Arita Town also has many other art galleries and museums that are housed in historical buildings.
You won't be able to visit it all in one day.

After taking a close look at the vessels, it's time for tea on the cafe terrace inside the building.

I enjoyed the Saga sweets "Godofu".
All the vessels are Arita ware.

I went to the bathroom on the way home, but...

Porcelain here too! Arita was full of porcelain everywhere.

To Imari

After leaving Arita, we next departed for the neighboring city of Imari.

A large river flows along the way from Arita to Imari.

It is said that in the past, Arita ware was transported by boat down this river to Imari Port.
From there, the vessels were exported to Hirado and Europe.

When I went to the Imari Bridge, there were ceramic plates and pottery dolls on display reminiscent of Dutch trade.

And a gorgeous pot too.

It is said that European aristocrats used pottery to decorate gold.

Tokushichigama

I visited Tokushichigama, a pottery in the city. We showed them how to paint a quince dish.

A pattern will be created in no time.

https://vimeo.com/591986196

As mentioned in the video, he doesn't have a fixed pattern, but rather, he paints ``as the brush moves'' while keeping the balance in mind.
That's a skill that amateurs can't do.

Vibrant and colorful Tokushichi kiln teacup

To the secret kiln village "Okawachiyama"

Ouchiyama was an area where pottery was manufactured directly by the Saga Domain (Nabeshima Domain) from the 17th to the 19th century.

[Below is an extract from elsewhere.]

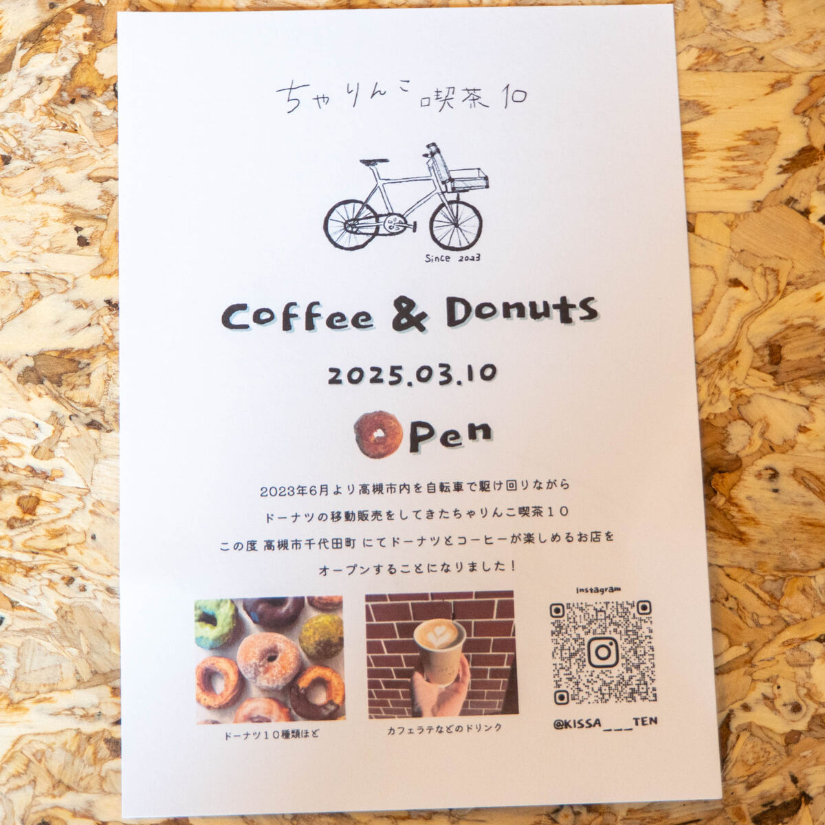 「ちゃりんこ喫茶10」は、2023年6月から始まった自転車でのドーナツの移動販売期間を経て、3月10日にコーヒーとドーナツが楽しめる実店舗をオープンされたとのこと。

Because they made luxury goods such as personal items for the feudal lord and gifts for the feudal lords of the shogunate, a checkpoint was set up and no one but those involved were allowed to enter.
Because of this, it is called the "secret kiln village".

Since modern times, these pottery have been called "Nabeshima ware."

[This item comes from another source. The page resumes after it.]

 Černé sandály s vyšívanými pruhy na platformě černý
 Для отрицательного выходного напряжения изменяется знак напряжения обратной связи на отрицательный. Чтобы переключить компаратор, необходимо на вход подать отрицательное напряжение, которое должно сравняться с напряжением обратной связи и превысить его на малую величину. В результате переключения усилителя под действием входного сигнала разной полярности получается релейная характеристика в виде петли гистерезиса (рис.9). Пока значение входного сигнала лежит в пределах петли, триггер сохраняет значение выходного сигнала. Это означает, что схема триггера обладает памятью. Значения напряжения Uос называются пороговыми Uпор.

As it is located deep in the mountains, it is a pleasant place full of nature.
A river flows along the side of the village, and the stone pavement is covered with moss, giving it an elegant feel.

It was during the Imari Wind Chime Festival, and the wind chimes lined up in front of the eaves were making a cool sound.

Finally, we went down to the downtown area of ​​Imari, bought some souvenir sweets, and had some gelato made with blueberries grown in Imari.

Conclusion

The more I came into contact with porcelain in Arita and Imari and listened to Mr. Nishiyama's stories, the more I became drawn to the charm of Arita ware painting.

Nowadays, there are production methods that are easier to mass produce, such as transfer and pad printing, but I learned that in Arita, handmade and hand-painted techniques are passed down to ensure they never die out.

A picture drawn by hand has a certain warmth to it.
I felt that Arita's painted vessels would definitely create a soft atmosphere at the dining table.

I would like to visit again to see some wonderful pottery.

You can view the utensils introduced this time here.

Arita ware list page p>

May you enjoy your daily meals with your favorite utensils.